On 20 September, photos emerged that showed two large holes in the pressure hull. Ukraine and outside sources claimed that the two vessels were damaged beyond repair, while Russia's Defence Ministry claimed that both vessels would be repaired and returned to service. Casualties are unknown, although Ukrainian officials claimed 24 personnel were injured on the submarine and 62 killed aboard Minsk.

===2024===
====Chinese Zhou-class nuclear submarine====

US officials claimed that the first of a new series of nuclear submarines of the People's Liberation Army Navy (PLAN), a Zhou-class submarine, was sunk alongside a pier in Wuhan between March and June 2024 on 26 September 2024. PLAN and Chinese officials deny such event had occurred. The Chinese Embassy in Washington, D.C., denied knowledge of the incident. The Wuhan pier is not a current known nuclear-powered submarine construction base, as it has previously only been used for diesel-electric/conventionally powered submarines.
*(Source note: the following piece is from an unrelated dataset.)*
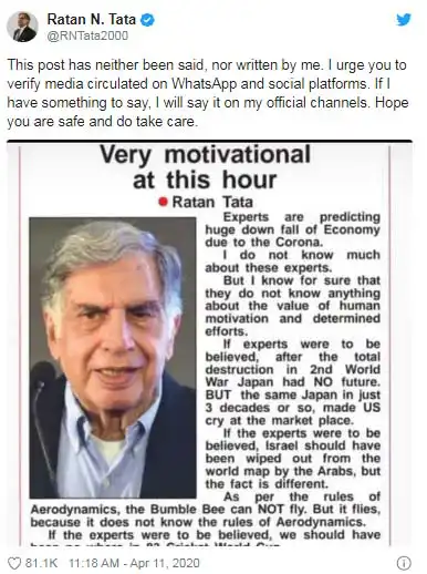 बिजनेस डेस्कः टाटा समूह के पूर्व चेयरमैन सोशल मीडिया के जरिए देशहित के मुद्दों पर अक्सर अपनी राय रखते रहते हैं लेकिन इन दिनों उनके नाम से सोशल मीडिया में वायरल हो रहे कोरोना वायरस महामारी से जुड़े एक फेक मैसेज (फर्जी पोस्ट) पर उन्हें सफाई देनी पड़ रही है। उन्होंने लोगों से इस लेख की सत्यता का पता लगाने को कहा है।

====Russian B-237 "Rostov-na-Donu" alleged sinking====

On 3 August 2024, Ukrainian officials claimed to have sunk the Russian Kilo-class submarine B-237 "Rostov-na-Donu" a day earlier. The submarine had been undergoing repairs at Sevastopol Shipyard in Crimea after being hit by a suspected Storm Shadow or SCALP missile in September 2023. There was no confirmation of the sinking, although a possible decoy was seen on satellite imagery, with what is believed to be the genuine submarine sunk and partially under a tarp nearby. The British Ministry of Defence claimed that it was "highly likely" the submarine had been sunk.

===2025===

====2025 Red Sea tourist submarine disaster====

On March 27, 2025, a tourist submarine operated by Sindbad Submarines sank off the coast of Hurghada, Egypt, in the Red Sea, resulting in the deaths of six people and the rescue of 39 others. The incident raised concerns about safety standards in Egypt's tourist submarine industry.